Exercise description → Copy the data that appears below exactly. Drop the pictures.

Given data →
----
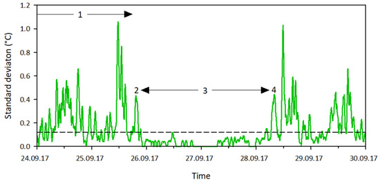 - When the channel dried up, the moving standard deviation first increased to above 0.12 °C and then peaked with a maximum of at least 0.20 °C. The timing of the peak coincided with the timing of the state change (#4 in Figure 6).
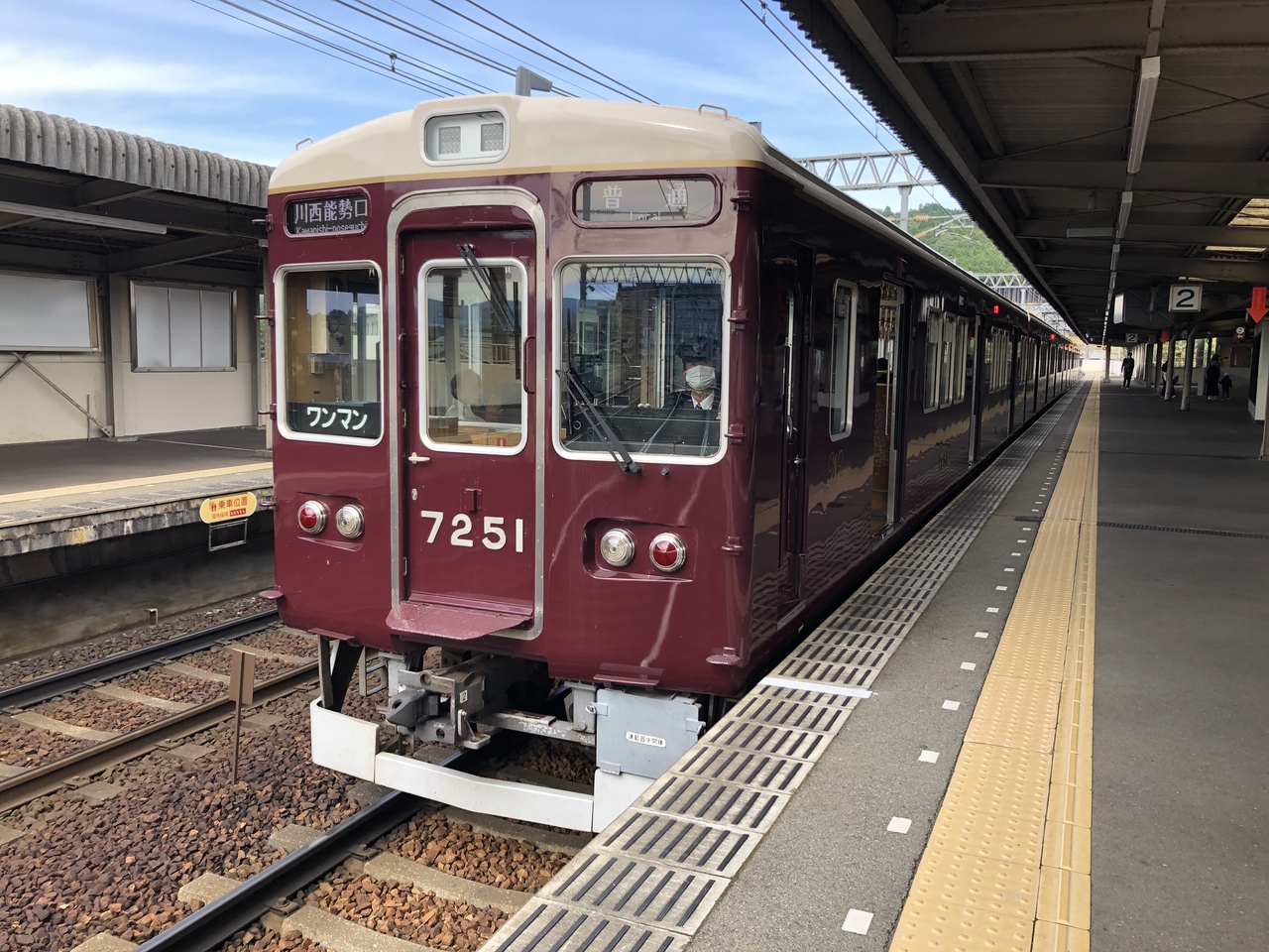 兵庫県川西市の阪急宝塚線川西能勢口駅をから大阪府豊能郡豊能町の妙見口駅までの14駅12.2kmを結ぶローカル線。能勢電鉄は、阪急電鉄の子会社であり、川西能勢口駅は阪急宝塚線と共用、平日には梅田と日生中央を結ぶ直通特急(日生エクスプレス)が運転され、さらには阪急で走っていた車両を、阪急と同じデザイン(マルーン)で使用されていることから、一見、阪急の支線のようにも見えますが、会社設立は阪急電鉄の前身である箕面有馬電気軌道よりも歴史があるなど複雑て、設立時は全くの別会社。もともとは関西で最も有名な日蓮宗寺院の一つ能勢妙見宮への参詣者と能勢地方の産物の輸送を目的に設立された鉄道路線。当初は現在のJR宝塚線である阪鶴鉄道の池田駅を始発駅とする構想だったが、難色を示されたことから川西に変更。箕面有馬電気軌道との直通を考慮し、レールの幅を1435㎜にしたという歴史を持っています。1884年に「平野水」の名前で販売された現在の三ツ矢サイダーの輸送を行っていた時期があり、1981年までは川西能勢口から川西池田駅(川西国鉄前駅)まで乗り入れていました。また、1960年代には、沿線に大規模ニュータウン建設を計画した西武鉄道が買収を画策し、慌てて増資し阪急が買い取ったといった歴史も有しています。
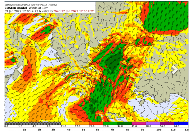 Πολύ θυελλώδεις βορειοανατολικοί άνεμοι θα πνέουν την Τρίτη (11-01-2022) στο βόρειο Αιγαίο και την Τετάρτη (12-01-2022) και την Πέμπτη (13-01-2022) στο μεγαλύτερο μέρος του Αιγαίου. Μικρή εξασθένηση των ανέμων αναμένεται από το βράδυ της Πέμπτης.
----
Task answer →
 - When the channel dried up, the moving standard deviation first increased to above 0.12 °C and then peaked with a maximum of at least 0.20 °C. The timing of the peak coincided with the timing of the state change (#4 in Figure 6).
 兵庫県川西市の阪急宝塚線川西能勢口駅をから大阪府豊能郡豊能町の妙見口駅までの14駅12.2kmを結ぶローカル線。能勢電鉄は、阪急電鉄の子会社であり、川西能勢口駅は阪急宝塚線と共用、平日には梅田と日生中央を結ぶ直通特急(日生エクスプレス)が運転され、さらには阪急で走っていた車両を、阪急と同じデザイン(マルーン)で使用されていることから、一見、阪急の支線のようにも見えますが、会社設立は阪急電鉄の前身である箕面有馬電気軌道よりも歴史があるなど複雑て、設立時は全くの別会社。もともとは関西で最も有名な日蓮宗寺院の一つ能勢妙見宮への参詣者と能勢地方の産物の輸送を目的に設立された鉄道路線。当初は現在のJR宝塚線である阪鶴鉄道の池田駅を始発駅とする構想だったが、難色を示されたことから川西に変更。箕面有馬電気軌道との直通を考慮し、レールの幅を1435㎜にしたという歴史を持っています。1884年に「平野水」の名前で販売された現在の三ツ矢サイダーの輸送を行っていた時期があり、1981年までは川西能勢口から川西池田駅(川西国鉄前駅)まで乗り入れていました。また、1960年代には、沿線に大規模ニュータウン建設を計画した西武鉄道が買収を画策し、慌てて増資し阪急が買い取ったといった歴史も有しています。
 Πολύ θυελλώδεις βορειοανατολικοί άνεμοι θα πνέουν την Τρίτη (11-01-2022) στο βόρειο Αιγαίο και την Τετάρτη (12-01-2022) και την Πέμπτη (13-01-2022) στο μεγαλύτερο μέρος του Αιγαίου. Μικρή εξασθένηση των ανέμων αναμένεται από το βράδυ της Πέμπτης.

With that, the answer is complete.